March 8, 2024: Threats and Interrogations Still Illegal. Shrewd ULP Strike.
Teamsters representative knows the law.
The NLRB put out three documents today:
3484, Inc., and 3486, Inc., 373 NLRB No. 28, 27-CA-278463 (Published Board Decision). The Board found that the employer violated Section 8(a)(1) when two of its managers interrogated different employees about union organizing activity and when one of its managers threatened that production would be moved to Canada if union activity continued. The Board also found that a subsequent strike by the workers was motivated by the threat and interrogations and was therefore an unfair labor practice (ULP) strike. Because it was a ULP strike, the employer’s subsequent refusal to reinstate the strikers violated Section 8(a)(3). The Board ordered the employer to cease and desist from these activities, post a notice, offer to reinstate the strikers, and provide them backpay.
Grow Op Farms, LLC, 19-RC-315337 (Unpublished Board Decision). The Board denied the employer’s request to review the regional director’s decision to direct a union election for a unit of sales department employees. The employer wanted the unit expanded to include a variety of other workers, but the Board applied the American Steel Construction, Inc. to conclude that the sales department employees constituted an appropriate unit. The Board also rejected the employer’s contention that the sales support supervisors should be excluded from the unit on the basis that the employer had not established that these supervisors exercise independent judgment when assigning duties.
Fred Meyer Stores, Inc., 19-RC-334047 (Regional Election Decision). The United Food and Commercial Workers (UFCW) currently represents a unit of grocery employees at a Fred Meyer store. It sought to add to that unit a group of non-grocery workers at that same store via a self-determination election. Adding a new group of workers to an existing unit requires a slightly different analysis than establishing a new unit. Specifically when adding a new group of workers to an existing unit, it must be shown that the workers “constitute an identifiable, distinct segment and share a community of interest with unit employees.” The regional director determined that these workers satisfy that requirement and directed a self-determination election.

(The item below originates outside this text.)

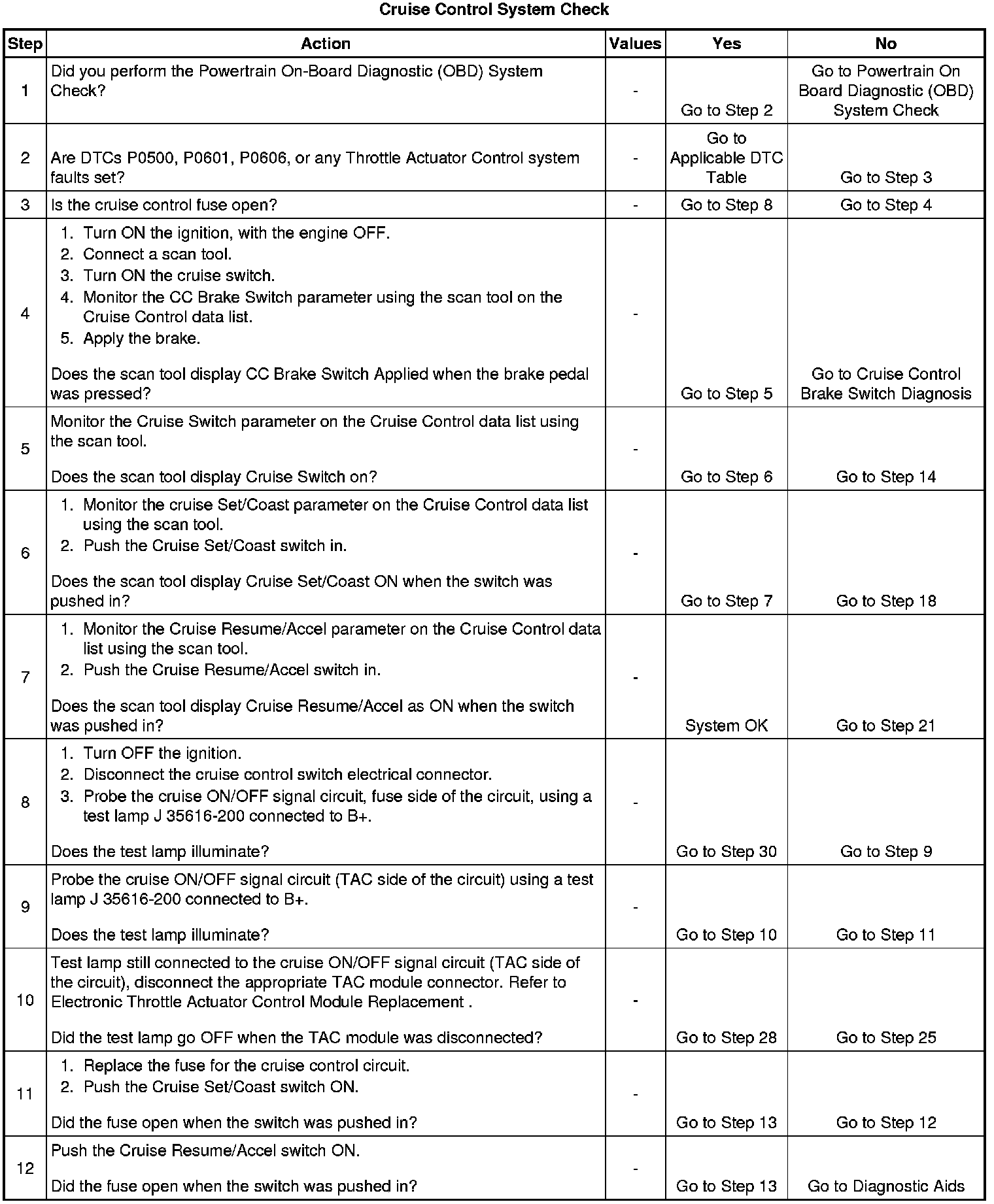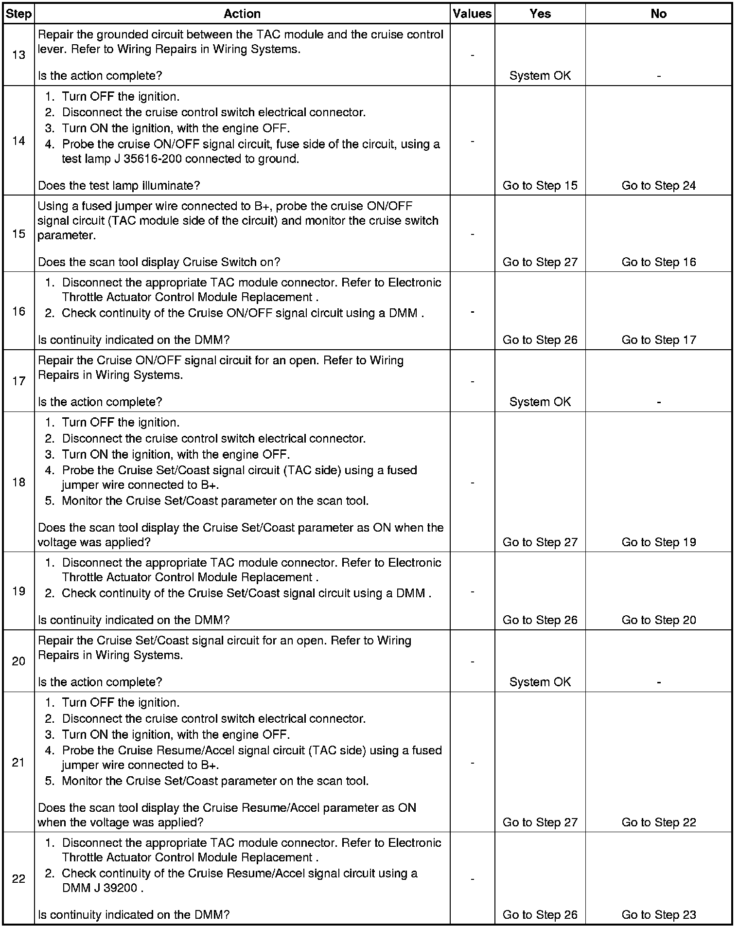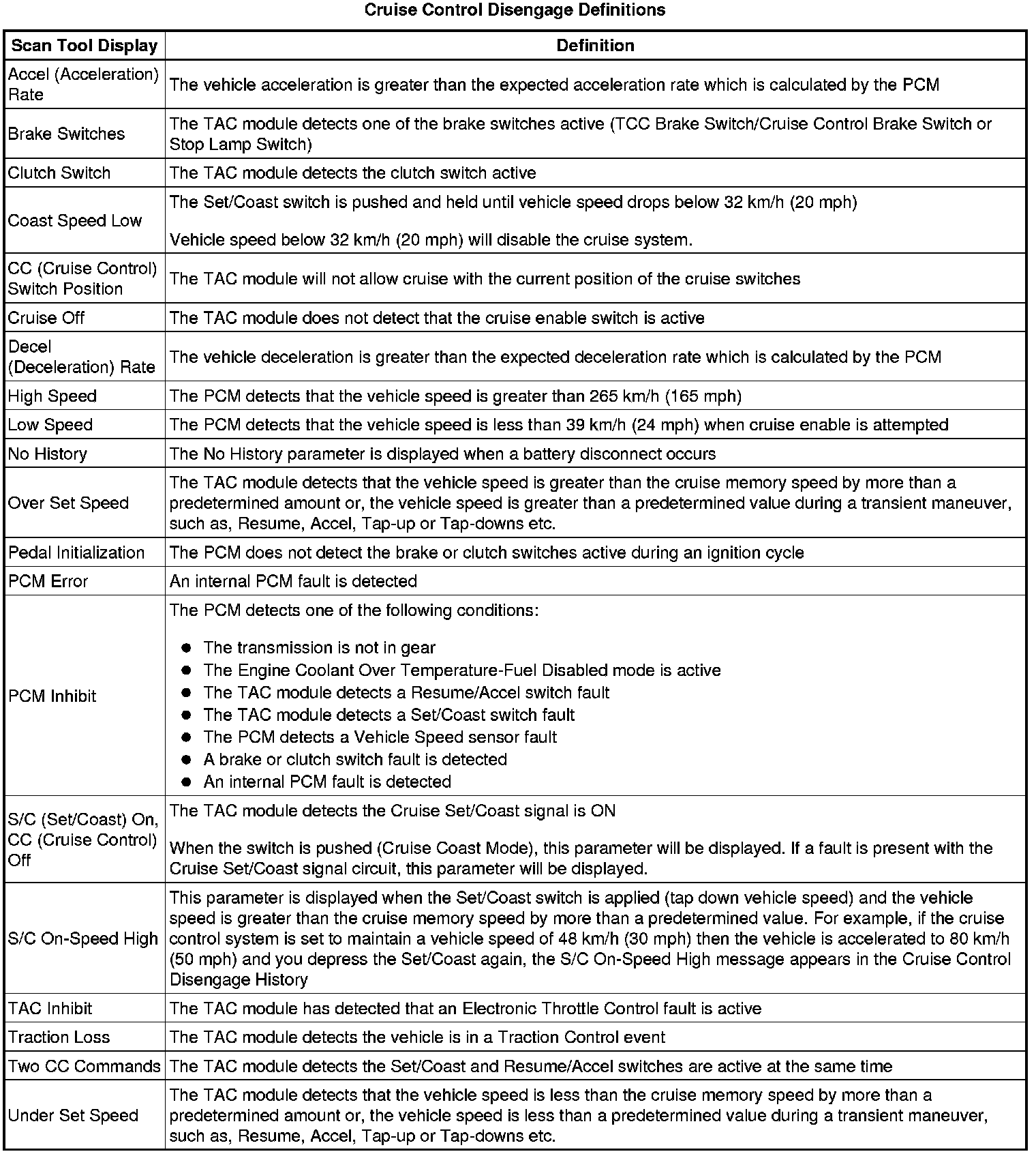 Use the scan tool in order to monitor the Cruise Disengage History. This parameter lists the last 8 cruise disengage events. Refer to Cruise Disengage History table for a description of each condition.

In Mackay Radio (1938), the Supreme Court decided that, though employers cannot technically fire workers for striking, they can permanently replace them with strikebreakers. One exception to this rule is whenever workers are striking to protest an unfair labor practice (ULP). Thus, in 3484, Inc., and 3486, Inc., the fact that the workers were engaged in a ULP strike provides them reinstatement rights that workers engaged in non-ULP strikes do not have.
Naturally, this asymmetry between ULP strikes and non-ULP strikes pushes workers and their unions to try to represent strikes as ULP strikes whenever possible. This dynamic was present in this case. The ALJ decision explains that the union representative responsible for the strike, Mr. Staheli, learned about the special protections of ULP strikes at a Teamsters leadership academy many years prior and that he intentionally pegged the strike to the ULPs for this reason.
Staheli explained that before June 13, he knew the difference between an unfair labor practice strike (ULP strike) where the strikers get their jobs back and an economic strike where strikers can be replaced with other employees. Staheli confidently opined that he intended that any strike by the drivers at the 3486-movie production would be a ULP strike so the drivers could get their jobs back given the fact that he had filed the June 11 ULP charge for the drivers. Later, Staheli received instruction from the Local 399 Union Attorney Ryan Spillars to tell the drivers they were striking due to the June 11 ULP charge so it would be a ULP strike and the potential strikers would be able to get their jobs back after the strike.
This was a shrewd move and it worked.